O mesmo ocorre sistematicamente na internet, sobretudo em sites e plataformas de mídias sociais, tornando-os ambientes suscetíveis à incidência recorrente de cibercrimes. Conteúdos que vêm se propagando em uma velocidade jamais observada em temporalidades pretéritas, a exemplo das fake news – notícias falsas, que induzem seus receptores à súbita desinformação –, de mensagens que reproduzem discursos de ódio e incitam o racismo, o sexismo, a homofobia e demais atos contra contingentes sociais minoritários, são evidências de como a livre manifestação do pensamento vem ultrapassando as margens estabelecidas pelas leis.

Tais conteúdos ilícitos, que em geral apresentam caráter ofensivo e discriminatório, são publicados nas mídias sociais majoritariamente sob anonimato – um dos atributos inibidores do efetivo desenvolvimento de uma sociedade em rede –, ocultando a autêntica identidade da pessoa física responsável por essas postagens na arena digital. Além disso, sua disseminação contínua e massiva promove prejuízos incomensuráveis ao legítimo exercício da liberdade de expressão – e também de imprensa, uma vez que ambos os direitos atuam concomitantemente.

Como exemplo de prática cibernética convertida em abuso de direito está o recente caso de Daniel Silveira, preso por ordem do ministro Alexandre de Moraes, do Supremo Tribunal Federal (STF), por incitar condutas antidemocráticas e, portanto, anticonstitucionais. O motivo da prisão do deputado fluminense – aliado convicto do presidente Jair Bolsonaro – foi a divulgação, em suas redes, de um vídeo no qual ele preconizou abertamente o retorno do Ato Institucional nº 5, uma das mais repressivas ferramentas da ditadura militar que perpetuou durante duas décadas em nosso País, bem como agressões e ataques frequentes aos membros do Supremo.

Objetivando prevenir e erradicar certos tipos de comportamento abusivo na esfera digital, tal como aconteceu com Silveira, é essencial que o Judiciário exerça de imediato seu papel precípuo, julgando os responsáveis por tais condutas ilícitas para ordenar que eles sejam punidos, e que os conteúdos contrários ao verdadeiro direito à liberdade de expressão e opinião estejam indisponíveis na internet.

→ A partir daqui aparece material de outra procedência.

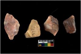 | Description / विवरण | There are n 4 of utilized worked cores and show irregular scar pattern. Two have a flat base. |

Se respeitar os limites em consonância com os postulados legais e, primordialmente, das Constituições de cada nação, a justiça e a democracia haverão de prevalecer nas sociedades hodiernas.

P. S.: Este jornalista agradece especialmente à advogada Marcela Dalcon de Freitas (OAB/BA 34.221) – professora de Direito Digital do MBA em Marketing Digital e Mídias Sociais do Centro Universitário Jorge Amado (Unijorge), de Salvador, que o orientou na elaboração deste artigo, como requisito para a obtenção do seu excelente resultado na disciplina – por ter lhe autorizado a publicação inédita do conteúdo aqui no blog.